The activity approach was developed in the works of Vershlovsky [17]; for example, “Leaders in Adult Education and Education” tells about the creative legacy of leaders in adult education and to this day determines the development of the methodology and theory of lifelong education. In the work of Petrovsky [18], “Theoretical psychology,” he considers the mental (figurative) nature and, at the same time, “effectiveness” have a productive representation that forms its object. The idea overcomes the opposition of the subjective and the objective (it is quite reasonable to believe that ideas create the world). These inextricably linked characteristics of the idea are “mental imagery” (as comprehension of external and internal reality) and “effectiveness” (as intentionality and productivity)—and determine the role of ideas in the life of a person [19].

One of the theoretical foundations for building a student-centered learning model is the legacy of Rubinstein [20], which combines the methodological (philosophical) principles of the relationship between learning and development, the disclosure of psychological patterns of the formation of individuality, the analysis of epistemological and psychological grounds for designing, and organizing complex educational processes that, on the one hand, ensure the socialization of the individual through learning, and, on the other hand, contribute to its formation as an individual in the dynamics of age development.

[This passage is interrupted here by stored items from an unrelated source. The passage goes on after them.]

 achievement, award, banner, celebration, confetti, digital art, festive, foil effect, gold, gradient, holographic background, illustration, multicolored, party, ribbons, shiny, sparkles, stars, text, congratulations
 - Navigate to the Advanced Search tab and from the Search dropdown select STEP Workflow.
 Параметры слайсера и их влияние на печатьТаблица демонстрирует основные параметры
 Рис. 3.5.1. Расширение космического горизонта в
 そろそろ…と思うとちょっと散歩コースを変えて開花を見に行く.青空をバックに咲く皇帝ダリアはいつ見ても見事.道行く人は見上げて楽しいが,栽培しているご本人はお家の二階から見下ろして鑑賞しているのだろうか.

For many years, the theoretical legacy of Rubinshtein [21] was not actively used for the development of psychology, as it was considered too abstract and academic. This was the work of only a few students and followers involved in educational psychology. His works are little known to teachers and practitioners of education. They are not included in the conceptual framework for the construction of training programs and innovative projects for the development of educational institutions of various types [22].

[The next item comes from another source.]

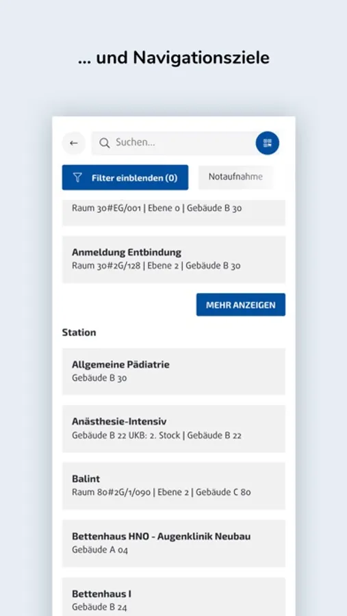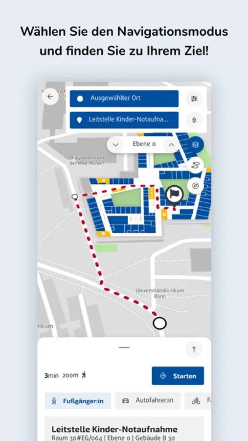 Benutzen Sie unsere App, um sich schnell auf unserem Gelände zurechtzufinden. Lassen Sie sich erst zum Parkplatz oder direkt zum Zielort navigieren. Wir begleiten Sie von Ihrer Haustür aus bis zum Terminort.

Ideas of Rubinshtein, which, in our opinion, are fundamentally important for the design of modern education, are revealed in the problem of the relationship between learning and the mental development of a person as a subject of cognition, activity, and self-development. In the context of this problem, the position of Rubinstein [20] is that “external causes act through internal conditions. Thus, the antithesis between external conditioning and internal development or self-development (self-movement) is removed. It is their internal interconnection that forms the basis for the explanation of all phenomena, including mental ones” [20].

3. Materials and Methods

The relevance of the study is due to the problem of improving the quality of professional training of future pedagogical psychologists, the formation of their creative potential, the readiness to make responsible decisions in their professional field, and the ability for continuous professional self-development. The leading place in the structure of the professional qualities of a given specialist is given to the ability to quickly navigate in the dynamic conditions of pedagogical practice, in other words, to professional orientation [23].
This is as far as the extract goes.